Conclusion: Proof will be in pudding

With the riskiest operators building their own Option 5 plan or proposing low “demonstrated” plugging costs for bonding coverage, and a Rule that allows multi-decade funding but does not mandate inflationary adjustments, the “strongest in the nation” rules display real weakness. However, the COGCC can turn this around, ensuring risk is not rewarded, by rejecting plans like they have already done that fail to meet the standards and intent of the rules.

[1] Denials of proposed plans can be found here.
[2] Note that for the duration of this, the date of data collection is March 31, 2023 for financial assurance plans that were all due by February 1, 2023 and all wells counted and assessed herein are unplugged wells that fall under Section 702 of the COGCC’s Rules.

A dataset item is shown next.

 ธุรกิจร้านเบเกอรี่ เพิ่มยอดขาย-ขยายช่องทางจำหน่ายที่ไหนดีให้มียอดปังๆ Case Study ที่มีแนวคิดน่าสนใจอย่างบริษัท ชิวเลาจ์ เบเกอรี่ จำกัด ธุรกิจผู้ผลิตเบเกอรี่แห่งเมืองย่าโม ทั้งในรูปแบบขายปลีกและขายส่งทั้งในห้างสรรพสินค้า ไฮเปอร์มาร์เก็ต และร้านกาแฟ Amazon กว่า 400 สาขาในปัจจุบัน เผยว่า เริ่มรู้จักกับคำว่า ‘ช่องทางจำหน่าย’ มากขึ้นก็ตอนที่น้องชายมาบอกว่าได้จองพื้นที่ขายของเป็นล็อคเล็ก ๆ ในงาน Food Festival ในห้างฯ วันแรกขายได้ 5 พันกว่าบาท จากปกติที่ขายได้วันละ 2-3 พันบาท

[3] $311,289,058 in year five (63%), and only $379,837,761 by year ten (77%).
[4] This chart uses presumed bonding and prior bonding values from operators that have submitted their Form 3. Those who have not have not been included. All operators are required to have their Form 3s in by now, however a number of operators have so far failed to do so. The values in this chart also reflect proposed plans and were prepared before COGCC denied 10 proposed plans.
[5] In this table and the following table, every company that has submitted a plan was attributed to an Option 1-4 as these are the categories designated by COGCC based on production. Options 5 and 6 are unique cases and operators who filed under those options have been categorized here based on their COGCC presumed option.

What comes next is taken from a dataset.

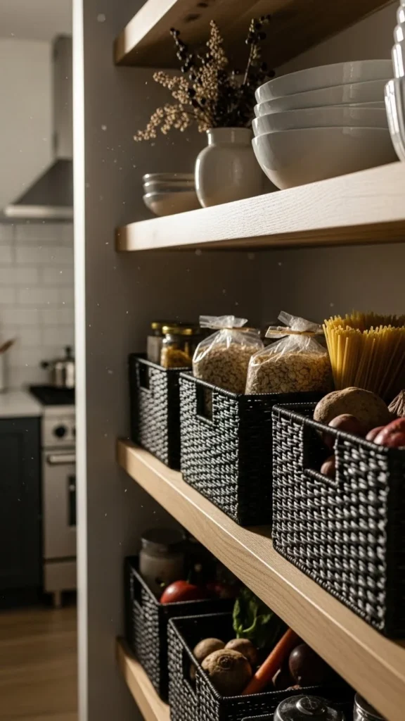 Baskets hide clutter while adding texture. Choose matching styles.

[6] Colorado defines a stripper well as one producing less than 15 BOE per day.
[7] The Colorado Sun reported in 2021 less than 2 BOE is considered uneconomical, even by stripper well operators such as Impetro Resources.
[8] Renegade Oil and Gas Company proposed an Option 4 plan, posting an average daily per well production of less than 1 BOE. Though Option 4 requires 10 years to full bonding (10% provision per year), Renegade listed an annual contribution of 2.54% in their Form 3 submission, meaning they would reach full bonding in 40 years.

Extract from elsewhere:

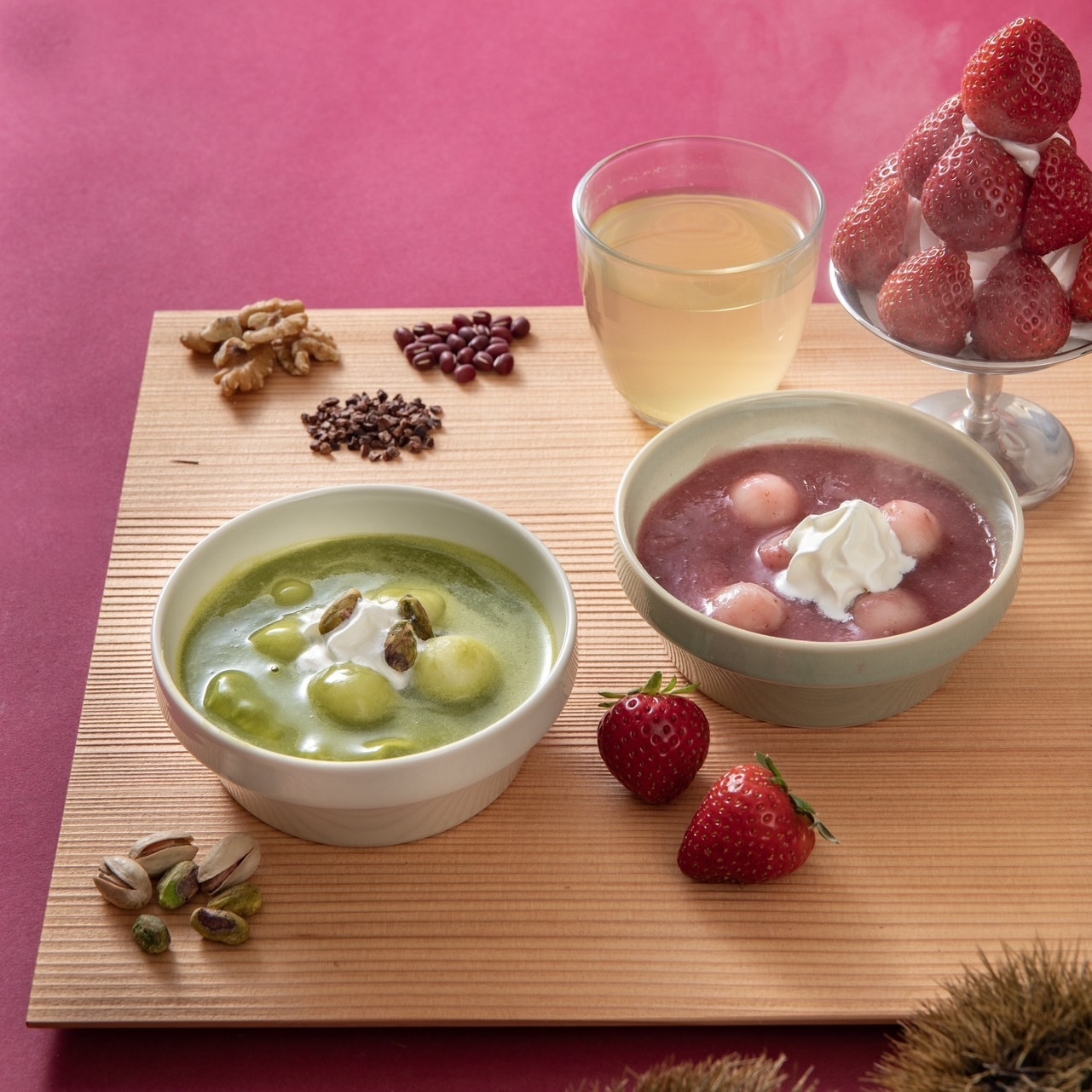 SNSで話題のスーパーフード、とろっと食感が新しい「焼き柿(オリジナルサワークリームソース添え)」と、今回特別に先行販売が決定した「果物ぜんざい」と盛りだくさんの限定メニューを1階カフェ「まほら」で楽しんでいただけるほか、柿色パンを使った「柿色フルーツサンド」を限定販売。

[9] O’Brien’s submission to the COGCC can be found here.
[10] This number was determined before the denial of the 10 proposed plans mentioned previously. If the denied operators are required to bond using COGCC presumed costs, that would affect the initial amount provided to COGCC.
[11] Pg 700-21. Section 707.A.1.a
[12] Though the Federal Reserve’s recent E & P sector inflation rate is stated to be nearly 20%, we have used a conservative longer term average rate of 3.8%.
[13] This folder contains the 10 denials by the COGCC director discussed in this blog.
[14] Notices of the decisions and performed reviews can be found here.
[15] COGCC has rejected 10 proposals so far – Foundation Energy Management, Prospect Energy, Smith Energy, P O & G Operating, PCR Operating, Impetro Resources, KP Kauffman, Omimex Petroleum, Western Operating, and Wiepking-Fullerton Energy. In the rejection of these proposals, 9 recommended denying the company’s demonstrated costs as the basis for SWFA. The exception to this was Foundation Energy Management, which was rejected due to an incorrect well count, and thus average daily production, attributed to them.
[16] Foundation Energy Management was classified by COGCC as an Option 4 operator because of the incorrect well count and production; they should have been classed as Option 3.
[17] Of that increase, $122,671,988 (55%) comes from KP Kauffman alone. Another $36,276,048 (16%) comes from Omimex.
[18] “All but nonexistent” was used to describe both Prospect Energy and PCR Operating’s evidence. P O & G did not address “many of the aspects,” and similar wording was used for Smith Energy. Other operators’ evidence was described as “vague,” “generic,” and “incomplete.”